What is needed: With pictures omitted, copy exactly the lines from the one containing "梅沢 万亀子さんを姓名の画数から五運を鑑定" through the end of the records below.

Stored data:
▼

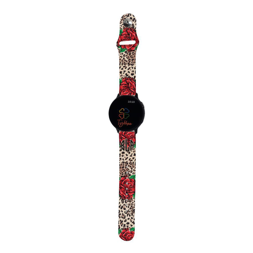 Personalized Leopard + Roses 20mm Watch Band with Monogram for Samsung, Garmin and Others
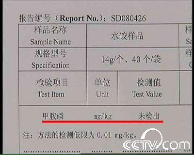 這家工廠(chǎng)的檢驗(yàn)記錄顯示,每一批次的蔬菜在進(jìn)廠(chǎng)前都會(huì)由河北檢驗(yàn)檢疫部門(mén)進(jìn)行抽檢或由企業(yè)送檢。相關(guān)的檢測(cè)結(jié)果顯示,在生產(chǎn)2007年10月1日和10月20日兩個(gè)批次的豬肉白菜餡餃子之前都進(jìn)行過(guò)相關(guān)的檢驗(yàn),洋白菜、大白菜以及韭菜、姜、蒜的檢測(cè)中都沒(méi)有檢出甲胺磷等高毒高殘留農(nóng)藥。
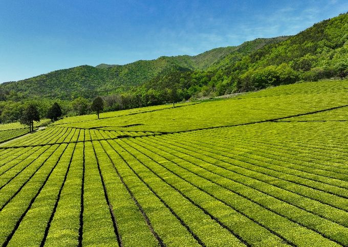 드넓게 펼쳐진 연두색 차밭이 짙푸른 산세와 조화를 이루며 마치 한 폭의 수채화를 그려낸 듯한 장관을 연출하고 있다.
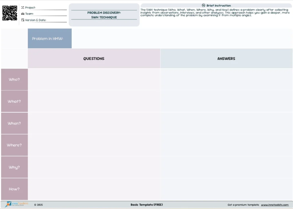 GooValid’s 5WH Toolkit (Who, What, Where, When, Why, and How) helps you dive deeper into the root causes of a problem by structuring the right questions. It bridges the gap between surface-level issues and the underlying factors that shape user behavior, market challenges, or operational friction. Powered by AI, the tool suggests context-aware, customized question prompts based on previous inputs from your Observation, Exploratory Interview, Empathy Map, and Persona Analysis—ensuring you explore every angle with purpose.
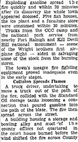 A kerosene lamp exploded in the home of Misses Bessie & Lessie Wescott in Manteo and their clothes became saturated with oil which quickly ignited. Miss Lessie Wescott is so badly burned that she is not expected to live. They were removed to the home of a friend where medical aid was rendered. The young ladies are 18 and 16 years old and are the daughters of the late Captain Joe Wescott who died suddenly last fall while enroute to his home from the life saving station at new inlet. They have lived in their home in Manteo since the death of their father.Later--Manteo, Jan. 11--Miss Lessie Wescott was burned to death here yesterday. She was alone at the time of the accident. A lamp fell on a red hot stove in the sitting room. the stove and part of the floor was covered with burning oil which she tried to put out with her dress. Her cries brought her older sister, Miss Bessie, who was in another part of the house. She was taken to the home of D.W. Etheridge but despite the physician's best efforts she died about 12 o'clock last night. The deceased was a beautiful young lady, about 17 years of age and was engaged to be married. The funeral services will take place at the Baptist church tomorrow at 10 o'clock. The Rev. D.A. Tedder, the pastor, will be assisted by Rev. A.W. Price of the Manteo Methodist Church and by Rev. W.R. Haight of Elizabeth City.
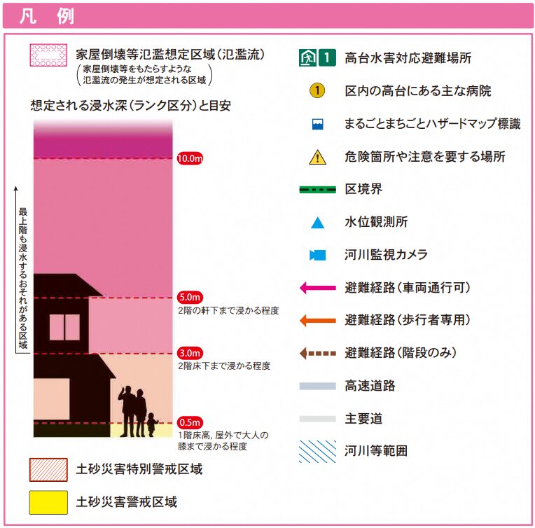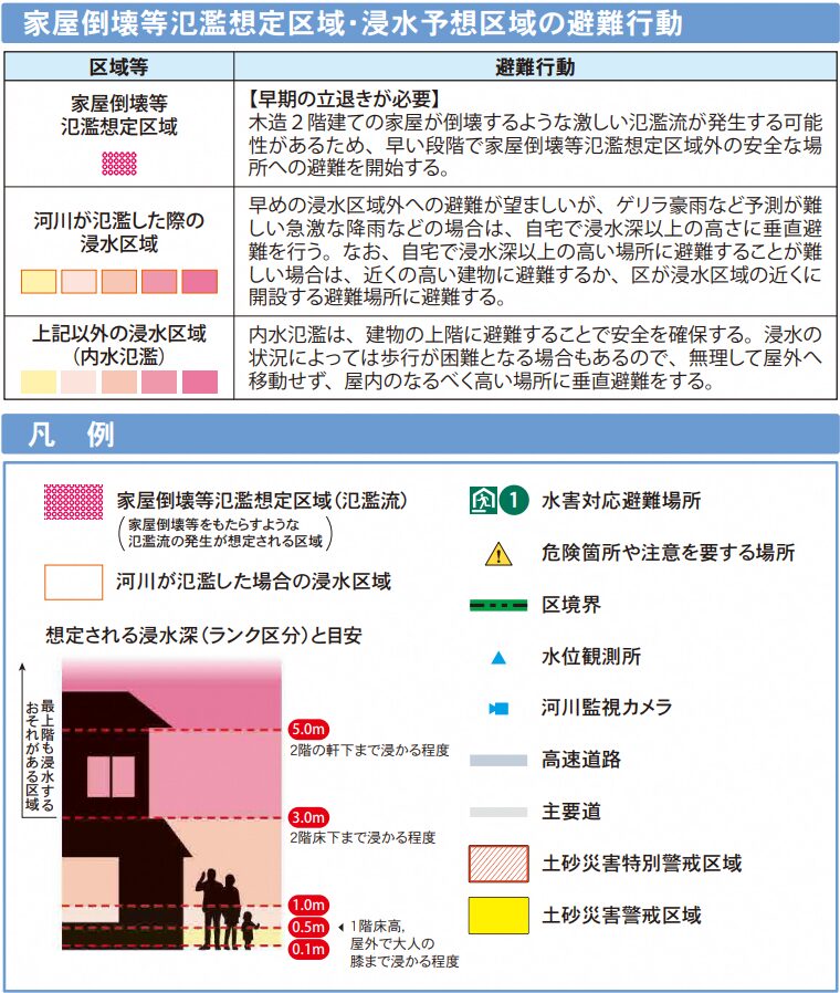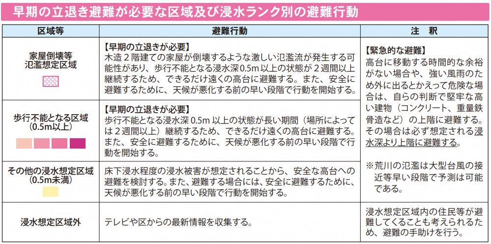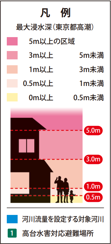 荒川や墨田川が氾濫した場合とは異なり、高台側でも浸水が想定されているので注意しましょう。
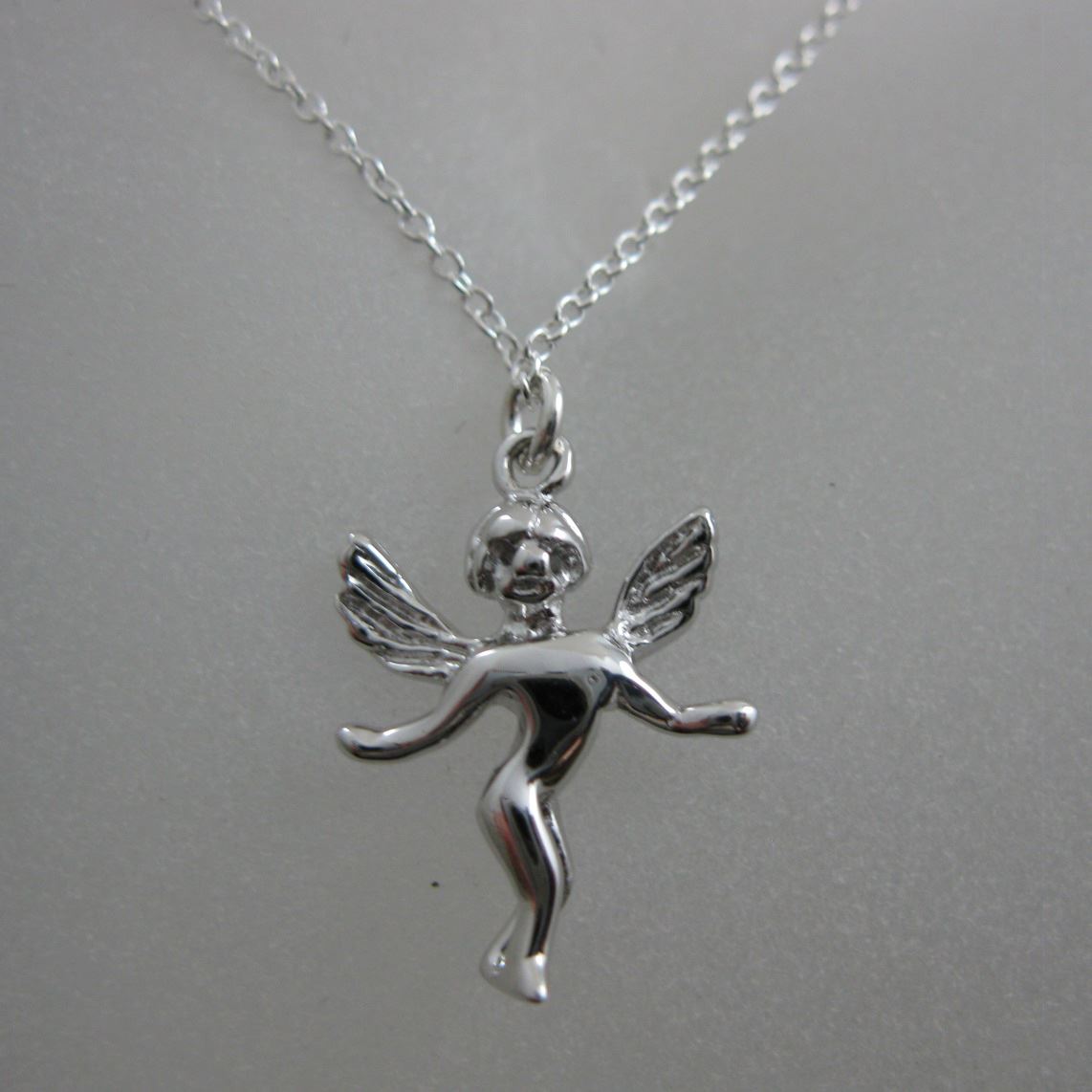Price: per 1 necklaceMaterial: Solid Genuine .925 Sterling Silver. Description: : Angel with open wings. Textured on both sides. Tiny plain cable link chain.Length: 16 to 24 inches. If you would like a different length please contact the seller. Charm Measurement: 17mm long, 15 mm long without ring, 13 mm wide and 2.5 mm thick
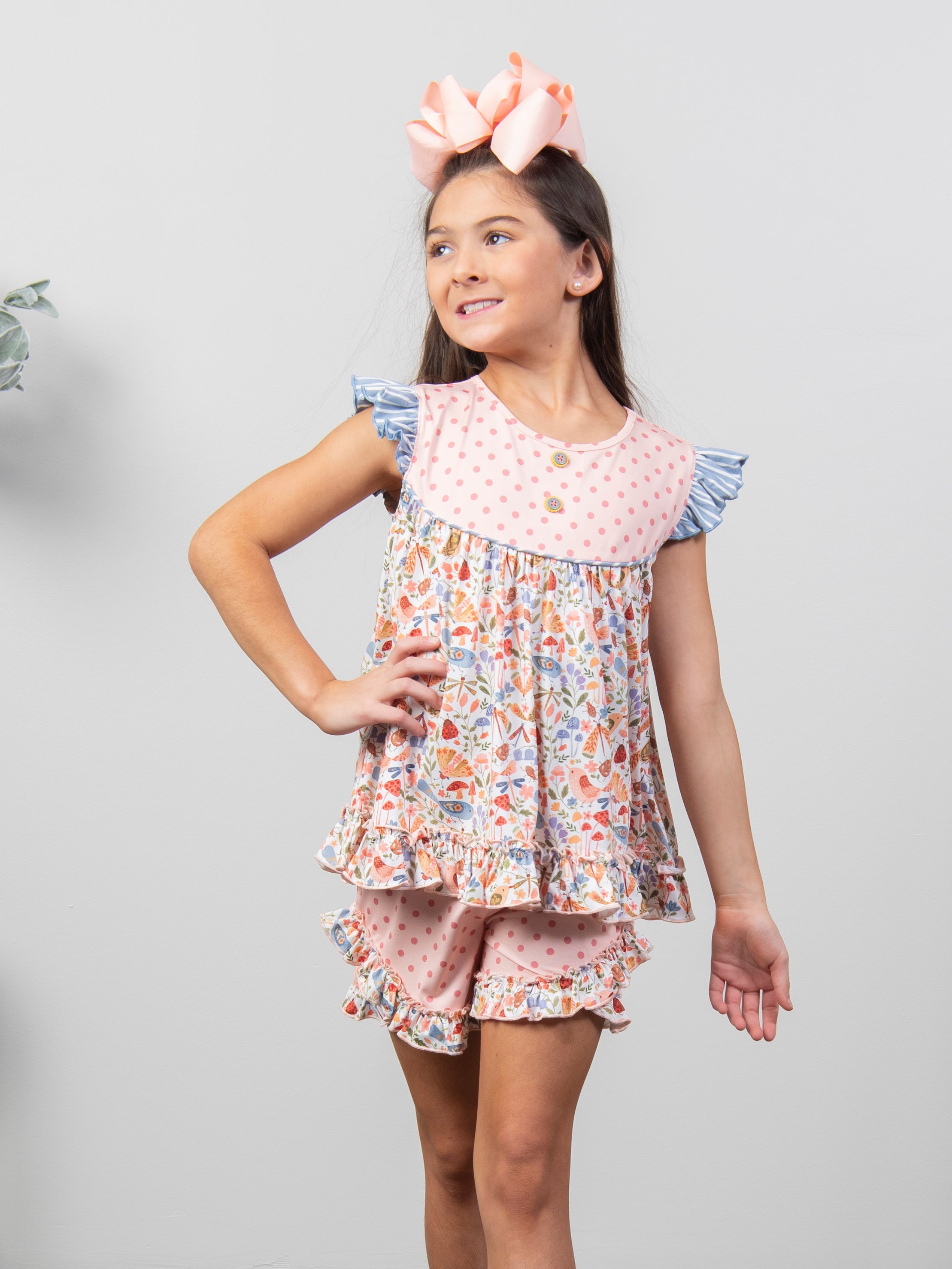 Springtime is just around the corner & this MNC exclusive collection is a MUST-HAVE this season! This high-quality collection has the softest material & is made to grow with your little one! These shorts feature polka dots, ruffle trim in our Tennessee Garden print, & an elastic waistband.
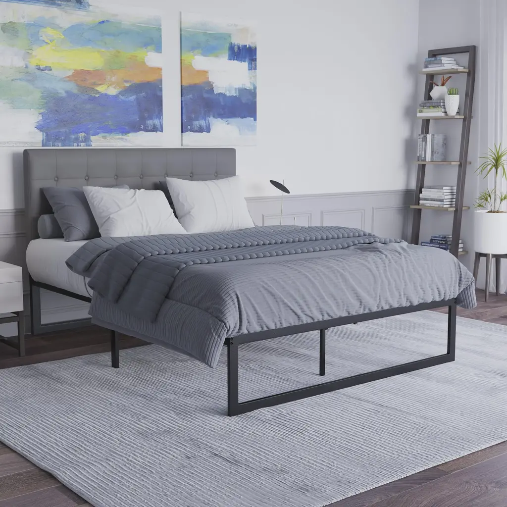 Universal 14 Inch Metal Platform Bed Frame - No Box Spring Needed W/ Steel Slat Support And Quick Lock Functionality
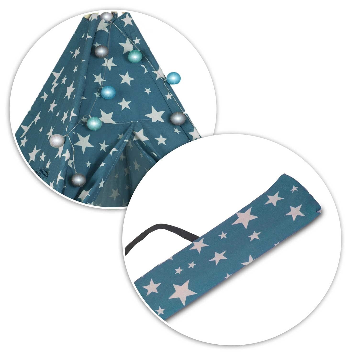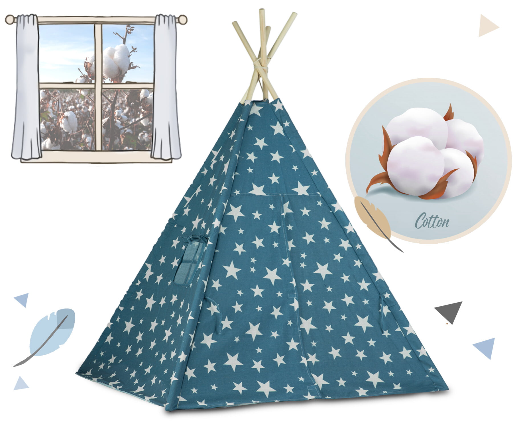 Vsak šef potrebuje svoj tipi! Otroški šotor v obliki indijskega tipija je uspešnica za okrasitev otroških sob. Glavne značilnosti: naravni materiali – varni in zdravi, umirjene barve z modnimi vložki, Montessori slog, enostavno zlaganje in zavzame malo prostora, stabilna konstrukcija, priloženi dve blazini, lučke in prevleka BREZPLAČNO. Brezplačne lučke k šotoru Priložene blazine v čudovitih oblikah! Vsak tipi ima komplet 2 blazin, vidnih na sliki! Zgradimo si svojo podlago! Komplet vsebuje: okvir – 4 lesene palice, baterijsko svetilko – baterije niso priložene, okensko zaveso, okno, drsne stene, nežno in zračno tkanino, 2 debeli talni blazini, prevleko. 100 % naravno Pri otroških izdelkih se splača izbrati naravne materiale najvišje kakovosti. Zato je naš tipi izdelan iz vrhunskega bombaža. Bombaž je kot nalašč za otroške šotore, saj odlično diha. Šotor je mogoče enostavno premikati, ko je zložen. Lahko ga postavite v skupni prostor kot igrišče ali na vrt za zaščito pred žgočim soncem. Tehnični podatki: dimenzije šotora: 120 x 120 x 165 cm, dimenzije palice: ø2,2 x 190 cm, blazine: 2 kosa, modra barva, teža bombaža: 175 g/m2, material palice: bor. superteepe
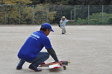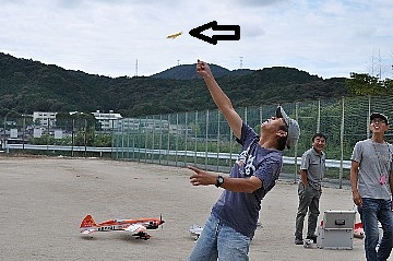 | 8 飛行会の様子 日本選手権のときと同じテイクオフの合図だ(笑)。 |
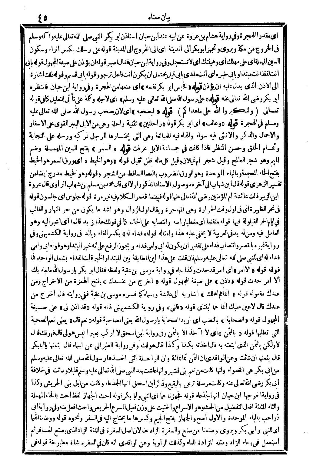 أَي: مُقَدرا الْهِجْرَة، وَفِي رِوَايَة هِشَام بن عُرْوَة عَن أَبِيه عِنْد ابْن حبَان: اسْتَأْذن أَبُو بكر النَّبِي صلى الله عَلَيْهِ وَسلم، فِي الْخُرُوج من مَكَّة، ويروى: تجهز أَبُو بكر إِلَى الْمَدِينَة أَي إِلَى الْخُرُوج إِلَى الْمَدِينَة. قَوْله: (على رسلك) بِكَسْر الرَّاء وَسُكُون السِّين الْمُهْملَة أَي: على مهلك أَي: وهينتك أَي: لَا تستعجل، وَفِي رِوَايَة ابْن حبَان: فَقَالَ اصبر. قَوْله: (أَن يُؤذن) على صِيغَة الْمَجْهُول. قَوْله: (بِأبي أَنْت) لفظ: أَنْت، مُبْتَدأ و: بِأبي خَبره أَي: أَنْت مفدى بِأبي قيل: يحْتَمل أَن يكون: أَنْت، فَاعل ترجو. وَقَوله: بِأبي قسم. وَقَوله ذَلِك إِشَارَة إِلَى الْإِذْن الَّذِي يدل عَلَيْهِ أَن يُؤذن. قَوْله: (فحبس أَبُو بكر نَفسه) أَي: منعهَا من الْهِجْرَة، وَفِي رِوَايَة ابْن حبَان: فانتظره أَبُو بكر، رَضِي الله تَعَالَى عَنهُ. قَوْله: (على رَسُول الله، صلى الله عَلَيْهِ وَسلم) أَي: لأَجله، وَكلمَة: على، تَأتي للتَّعْلِيل كَمَا فِي قَوْله تَعَالَى: {ولتكبروا الله على مَا هدَاكُمْ} (الْبَقَرَة: 185) قَوْله (ليصحبه) أَي لَا يصحب رَسُول الله صلى الله عَلَيْهِ وَسلم فِي الْهِجْرَة قَوْله (وعلف) أَي أَبُو بكر قَوْله. تَثْنِيَة رَاحِلَة وَهِي من الْإِبِل الْبَعِير الْقوي على الْأَسْفَار والأحمال، وَالذكر وَالْأُنْثَى فِيهِ سَوَاء، وَالْهَاء فِيهِ للْمُبَالَغَة، وَهِي الَّتِي يختارها الرجل لمركبه ورحله على النجابة وَتَمام الْخلق وَحسن المنظر، فَإِذا كَانَت فِي جمَاعَة الْإِبِل عرفت. قَوْله: (السمر) ، بِفَتْح السِّين الْمُهْملَة وَضم الْمِيم: وَهُوَ شجر الطلح، وَقيل: شجر أم غيلَان، وَقيل: كل مَا لَهُ ظلّ ثقيل. قَوْله: (وَهُوَ الْخبط) أَي: ورق السمر هُوَ الْخبط، بِفَتْح الْخَاء الْمُعْجَمَة وبالباء الْمُوَحدَة: وَهُوَ الْوَرق الْمَضْرُوب بالعصا السَّاقِط من الشّجر. وَقَوله: وَهُوَ الْخبط، مدرج أَيْضا من تَفْسِير الزُّهْرِيّ.
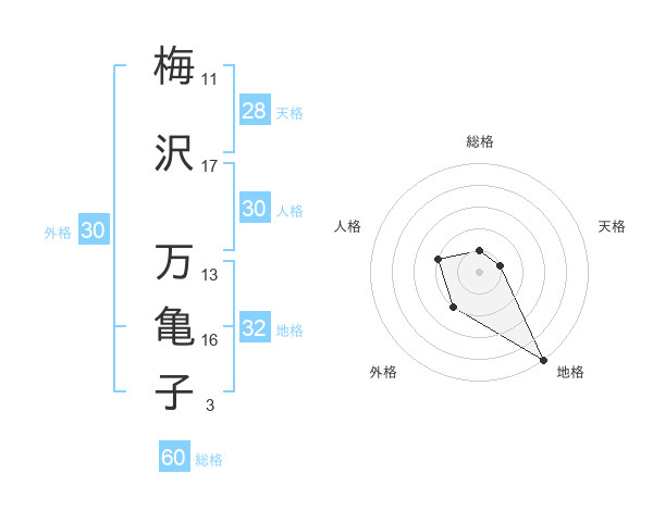 梅沢 万亀子さんを姓名の画数から五運を鑑定
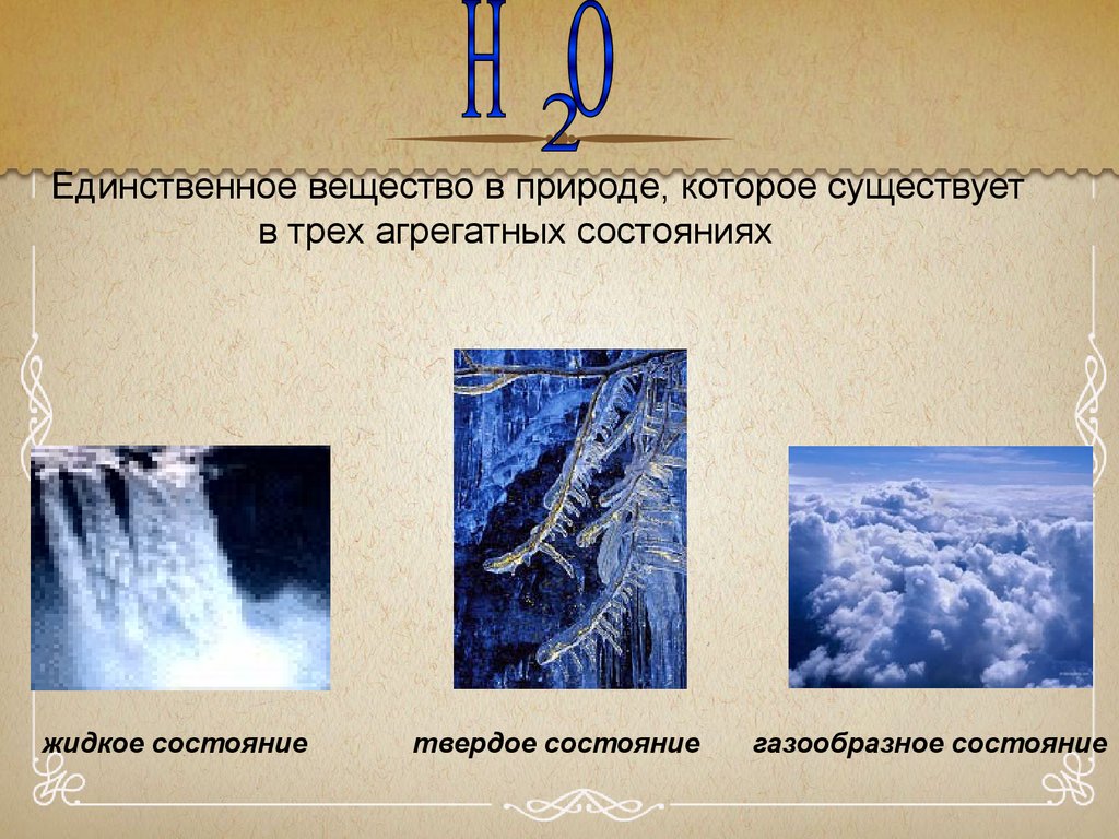 Единственное вещество в природе, которое существуетв трех агрегатных состояниях

▲

Completed task:
 梅沢 万亀子さんを姓名の画数から五運を鑑定
 Единственное вещество в природе, которое существуетв трех агрегатных состояниях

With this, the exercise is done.